Records shown Start Marker

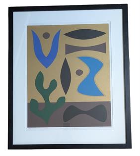 FRAMED WALASSE TING RED HORSE WITH LITHOGRAPH IN COLOURS. A.P. SIGNED FRAMED BEHIND GLASS
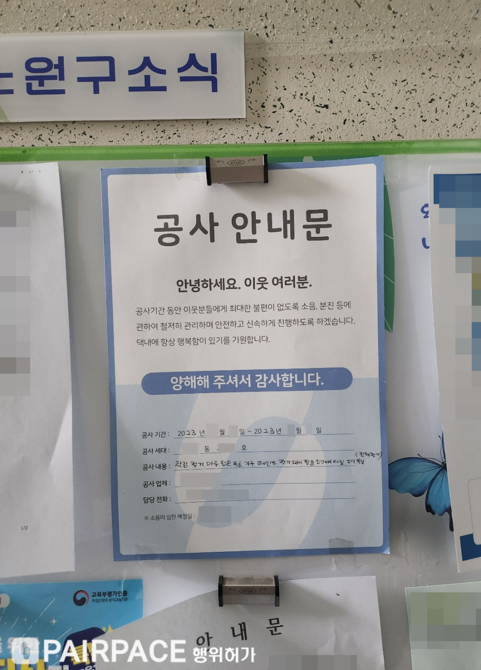 개별적으로 공사기간, 소음 일정, 공사 담당자
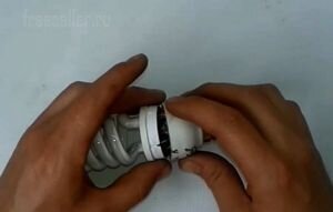 Поддев отверткой разбираем лампочку. Зачастую в энергосберегающих лампочках сгорает одна из двух спиралей, цепь прерывается и ко второй последовательно подсоединенной спирали перестает идти ток.
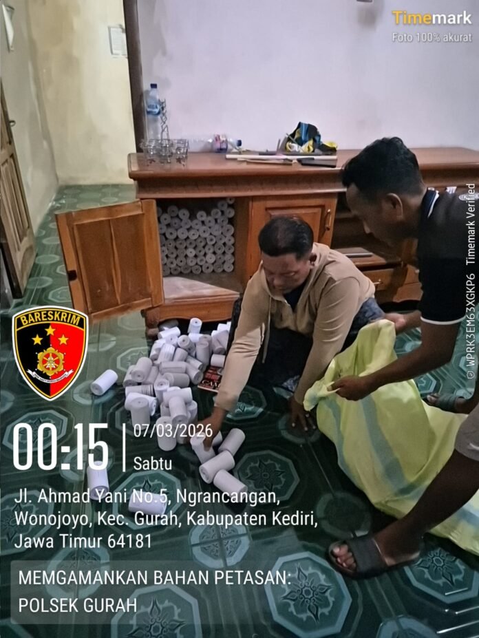 Borgolnews86.com || Kediri – Upaya menjaga keamanan masyarakat selama bulan suci Ramadhan terus dilakukan aparat kepolisian, Kapolsek Gurah melalui Kanit Reskrim Aiptu Subur SH bergerak Cepat mengamankan ratusan selongsong petasan yang diduga akan digunakan untuk produksi petasan rakitan, kegiatan tersebut berlangsung pada, Sabtu(7/3/2026)dini Hari.
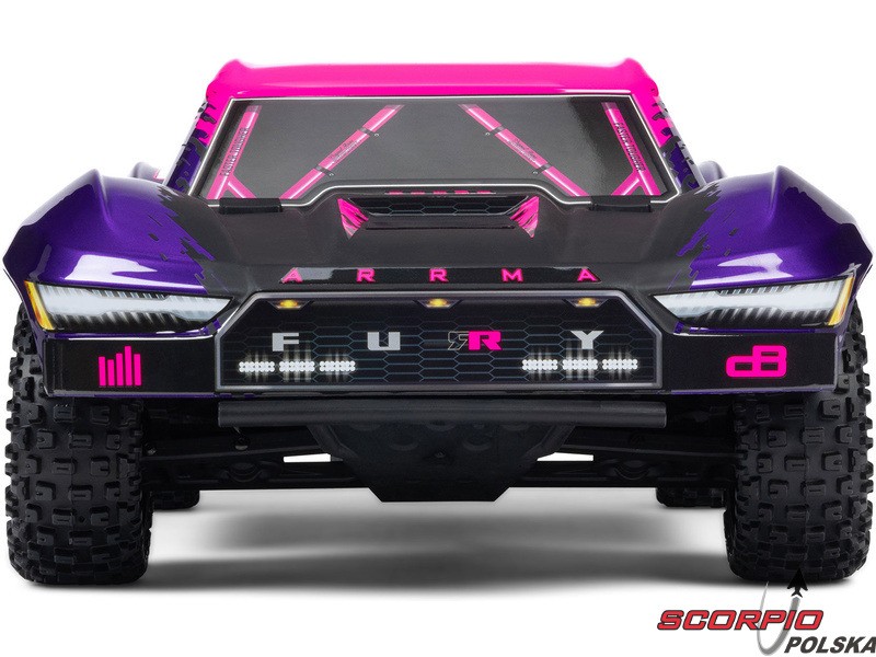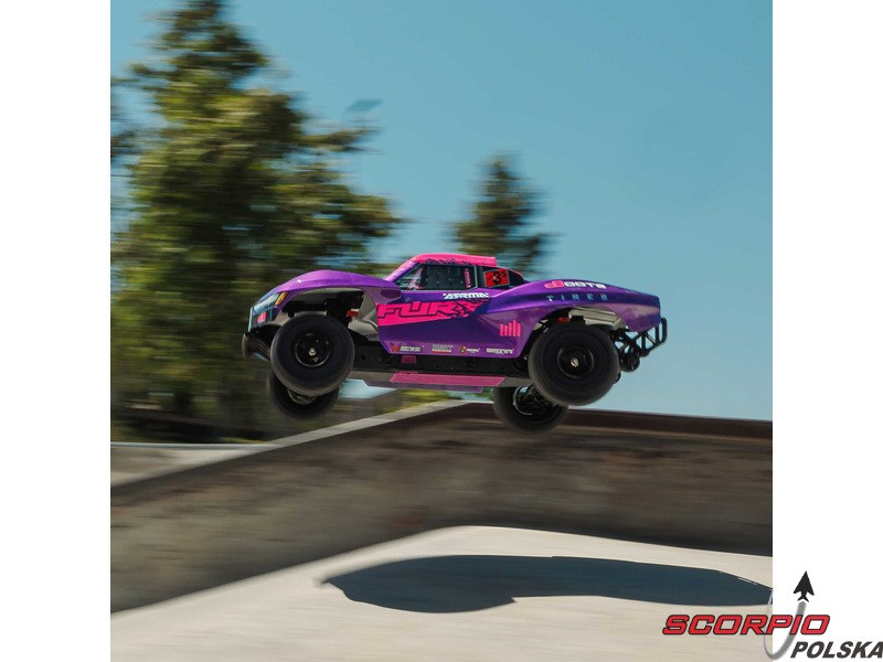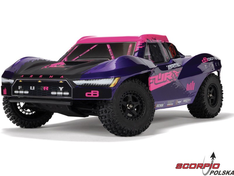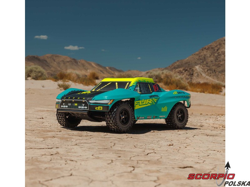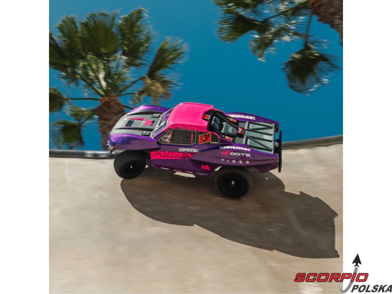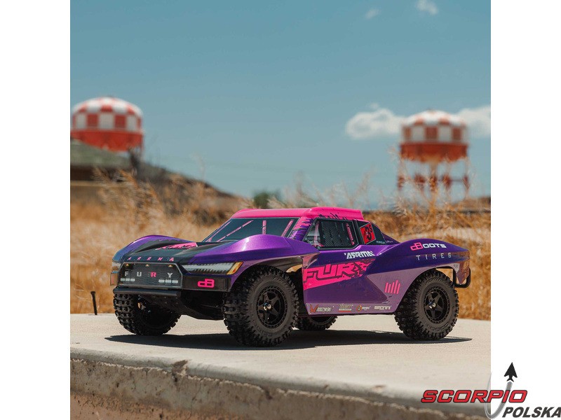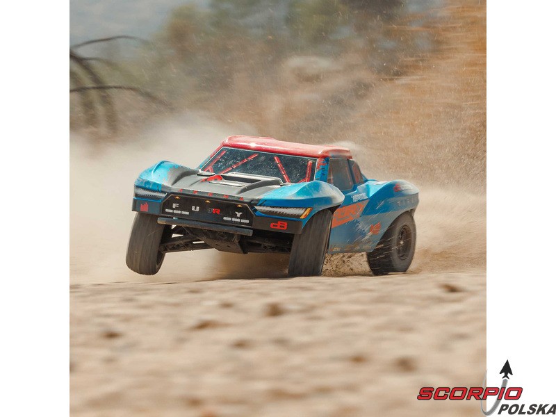 RC model auta Arrma Fury 223S BLX w skali 1:10, z napędem 2WD, mocnym silnikiem bezszczotkowym i prędkością do 80 km/h. Niezależne zawieszenie, amortyzatory olejowe, jednostka sterująca Spektrum 45A SLT 2-3S LiPo, elektroniczna stabilizacja DSC.

Records shown End Marker

All of the entries above are to be written out exactly, with no pictures.

**Answer to this task:**
 FRAMED WALASSE TING RED HORSE WITH LITHOGRAPH IN COLOURS. A.P. SIGNED FRAMED BEHIND GLASS
 개별적으로 공사기간, 소음 일정, 공사 담당자
 Поддев отверткой разбираем лампочку. Зачастую в энергосберегающих лампочках сгорает одна из двух спиралей, цепь прерывается и ко второй последовательно подсоединенной спирали перестает идти ток.
 Borgolnews86.com || Kediri – Upaya menjaga keamanan masyarakat selama bulan suci Ramadhan terus dilakukan aparat kepolisian, Kapolsek Gurah melalui Kanit Reskrim Aiptu Subur SH bergerak Cepat mengamankan ratusan selongsong petasan yang diduga akan digunakan untuk produksi petasan rakitan, kegiatan tersebut berlangsung pada, Sabtu(7/3/2026)dini Hari.
 RC model auta Arrma Fury 223S BLX w skali 1:10, z napędem 2WD, mocnym silnikiem bezszczotkowym i prędkością do 80 km/h. Niezależne zawieszenie, amortyzatory olejowe, jednostka sterująca Spektrum 45A SLT 2-3S LiPo, elektroniczna stabilizacja DSC.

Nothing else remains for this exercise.